You would be wrong. Nebraska’s early childhood professionals with a bachelor’s degree make a median annual salary of $22,870. That’s right: Even with a college degree, the standard salary is barely above the federal poverty line for a family of four. This, in turn, prompts woefully underpaid early childhood teachers to flee the field in alarming numbers.
That rampant turnover is hurting our kids. That woefully underpaid early childhood teacher fleeing the field could in fact be the most important teacher of your child’s life.
And the revolving door leads directly to some serious child care shortages in Nebraska. Almost every county in the state lacks the number of child care slots to meet current demand. Eleven Nebraska counties don’t have a single licensed child care provider. Eleven.
This obvious, red-blinking-light problem — massive costs to families on one hand, inadequate salaries to the early childhood workforce on the other and the resulting lack of high-quality care for kids — doesn’t just matter to parents and teachers.

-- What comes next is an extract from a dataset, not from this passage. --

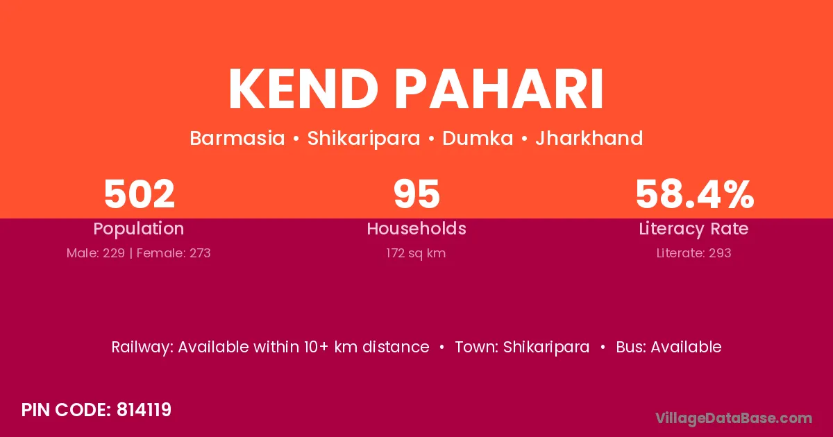 Kend Pahari village has a total population of 502 people, of which 229 are males and 273 are females.

It matters to employers, because child care problems often disrupt employees’ work weeks or remove good employees from the workforce altogether.
It matters to taxpayers, because research by a Nobel Prize-winning economist says the money we aren’t spending on high-quality child care actually costs us far more money down the road on special education, social safety net programs and even prison cells.
It needs to matter to all of us, because both brain science and economics research suggest that making affordable, high-quality early childhood education available to every Nebraska family is one of the best ways to make our state’s future better than its present.
The Workforce Commission’s report will address possible fixes for this problem, including a stronger funding base for all types of high-quality early childhood education, better pay for teachers and many ideas about how to grow and strengthen the workforce so that more Nebraska kids get their shot at high-quality education from an early age.
But maybe the most important solution starts with a mind shift. Maybe Nebraskans, all of us, need to see early childhood education and those who provide it as every bit as important as grade school, high school and college.
It is 11 a.m. in Miss Chelsea’s classroom and, on an unseasonably warm November Tuesday, that means it’s time to go outside. The students pull on their boots. They halt for a moment and sit together on the carpet as a 3-year-old sings a heartwarming rendition of “The ABC song,” and the younger kids, led by Chelsea, clap and do hand motions. Then they tromp out to the playground.
Except it isn’t a playground. It’s an outdoor classroom. There is a garden where the kids grow vegetables for lunch and plant flowers that attract butterflies. There’s a fountain where the kids learn about water. There is a stage for performances and safe, wooden “treehouses” meant for exploring. There are spots for digging and a paved track where the 2- and-3-year-olds ride tricycles.
A few times a year, Miss Chelsea’s class douses the small hill in the center of the outdoor space with water. The kids turn it into muck, and then they celebrate “Mud Day” with mud slides and mud pies.
“They are always asking, “Is it Mud Day yet?’” Chelsea Perry says while standing at the center of a swirl of outdoor activity. Two kids are digging together in a sand box. Another is throwing leaves into the air. Another is hula hooping. Their teacher smiles. “‘Not yet,’ I tell ‘em. Soon.”
You only need stand with Chelsea Perry near Mud Hill for a few moments and watch her with her students to understand something simple. To recognize something profound.
Every Nebraska kid deserves a Miss Chelsea.